Coming of Age in Mississippi
- Author: Anne Moody
- Language: English
- Genre: Memoir
- Publication date: 1968
- Publication place: United States

= Coming of Age in Mississippi =

Autobiography by Anne Moody

Coming of Age in Mississippi is a 1968 memoir by Anne Moody about growing up in rural Mississippi in the mid-20th century as an African-American woman. The book covers Moody's life from childhood through her mid twenties, including her involvement in the Civil Rights Movement beginning when she was a student at the historically black Tougaloo College. Moody's autobiography details her struggles both against racism among white people and sexism among her fellow civil rights activists. It received many positive reviews and won awards from the National Library Association and the National Council of Christians and Jews. On October 13, 2023 Anne Moody was posthumously inducted into the Tougaloo College National Alumni Association Hall of Fame at a banquet ceremony held in Jackson, Mississippi.

==About the author==
Anne Moody, born Essie Mae Moody, was born September 15, 1940, in Centreville, Mississippi. The daughter of two poor sharecroppers and the eldest of many, Moody took on a great responsibility at a young age and matured quickly. After graduating high school in 1959, Moody received a basketball scholarship to Natchez Junior College and later transferred to Tougaloo College. Moody became involved early in the Civil Rights Movement, helping organize the Congress of Racial Equality (CORE) and participating in a Woolworth's sit-in on May 28, 1963. After graduation from Tougaloo College, Moody moved to Ithaca, New York, where she was coordinator of the civil rights training project at Cornell University until 1965. She moved to New York City once she left Cornell, where she began writing Coming of Age in Mississippi, which was published in 1968. She married Austin Straus in 1967, with whom she had one son, Sascha Straus. After struggling with dementia for years, she died at her home in Gloster, Mississippi, on February 5, 2015, aged 74.
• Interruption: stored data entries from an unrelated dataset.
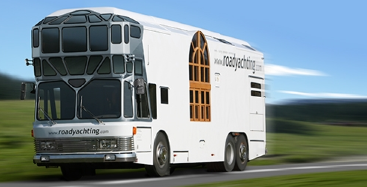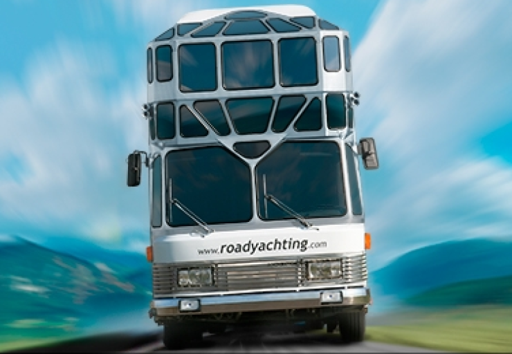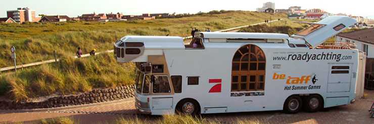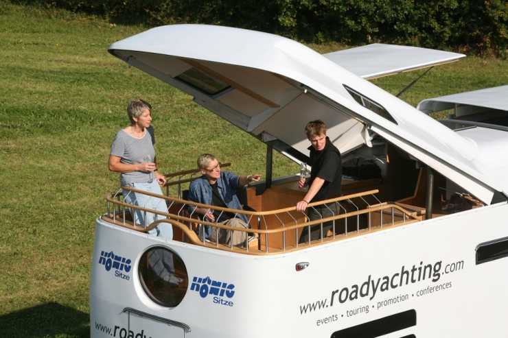 Det finns många sätt att synas på och ett av dem är att köra en udda husbuss. Företaget Roadyachting håller till i Kaufering utanför München och deras buss som byggts på en Neoplan från 1971 hyrs ut till privatpersoner och företag som vill synas och samtidigt ha det bekvämt. I fronten ovanför förarhytten finns en slide-out och det tycks vimla av udda lösningar.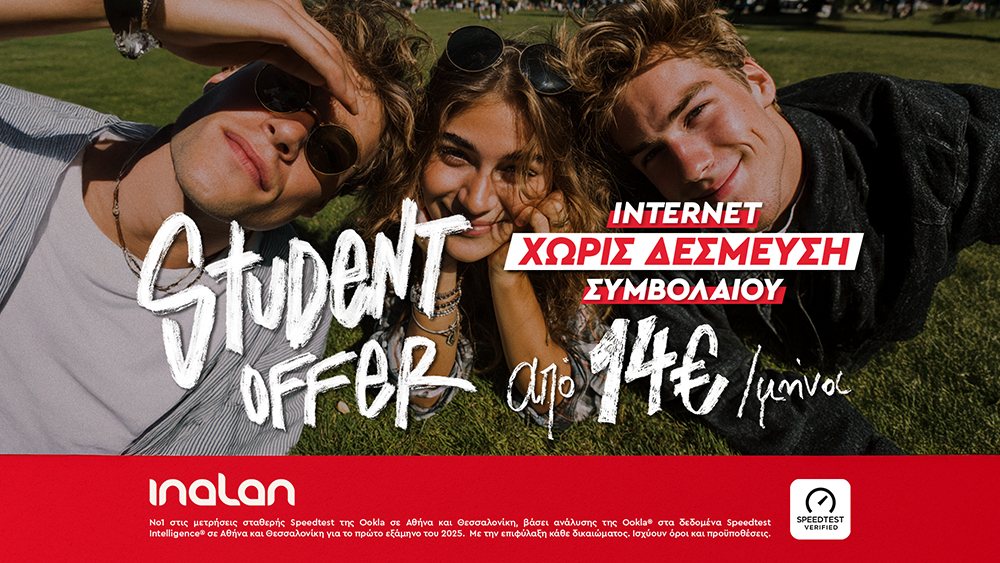Η φοιτητική ζωή χρειάζεται γρήγορο και αξιόπιστο ίντερνετ. Τα φοιτητικά πακέτα της INALAN προσφέρουν υπερυψηλές ταχύτητες, δωρεάν τέλη ενεργοποίησης και καμία δέσμευση συμβολαίου, ώστε να απολαμβάνεις απεριόριστες δυνατότητες, χωρίς επιπλέον κόστη.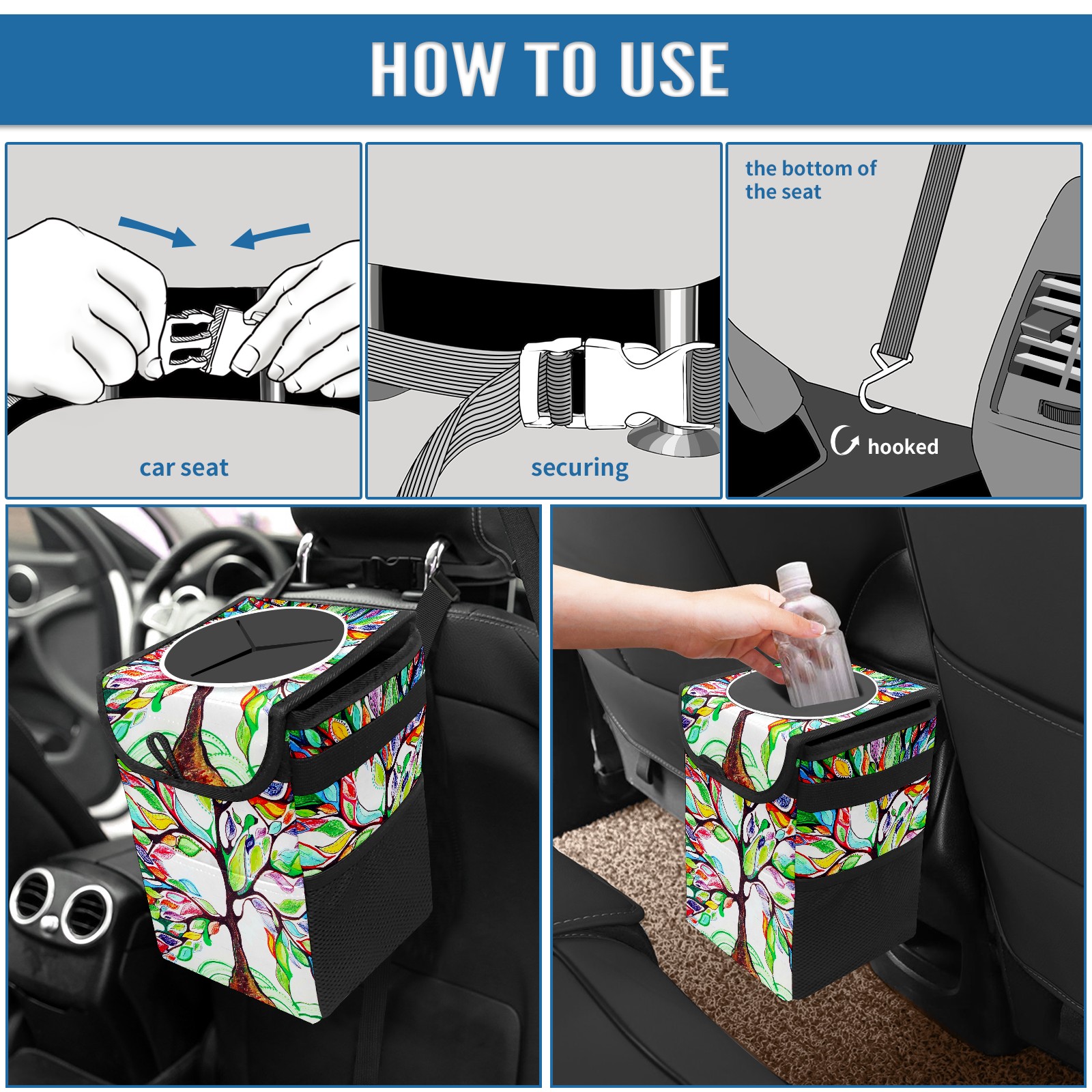 • <p>Keep your car neat with this practical car trash can—built for durability, versatility, and on-the-go convenience! Crafted from quality twill fabric with a waterproof lining, it prevents leaks, keeping seats/floors clean. Clean easily: empty directly or secure a disposable bag with side clips. Adjustable pull cord fits floor, seat, or headrest. 9.5x6.3x6.7 inches, ample space for daily trash, folds flat for storage. More than a trash can, it doubles as a storage bag for cups, toys, docs, and small gadgets—must-have car interior accessory. Installs in seconds on seats, console, or gear shift; adjustable straps keep it stable, no slipping on bumpy roads. Perfect gift for new car owners!</p>

== Structure and content ==

Coming of Age in Mississippi is divided into four sections: "Childhood," "High School," "College," and "The Movement."

===Part One: Childhood===
Moody begins her story on the plantation where she lives with her mother Toosweet and her father Diddly, both sharecroppers, and her younger sister, Adline.

Later, Moody's mother gives birth to her third child, Jr. While Toosweet is pregnant with Jr., her father begins an affair with another woman from the plantation. Shortly after Jr.'s birth, her parents separate.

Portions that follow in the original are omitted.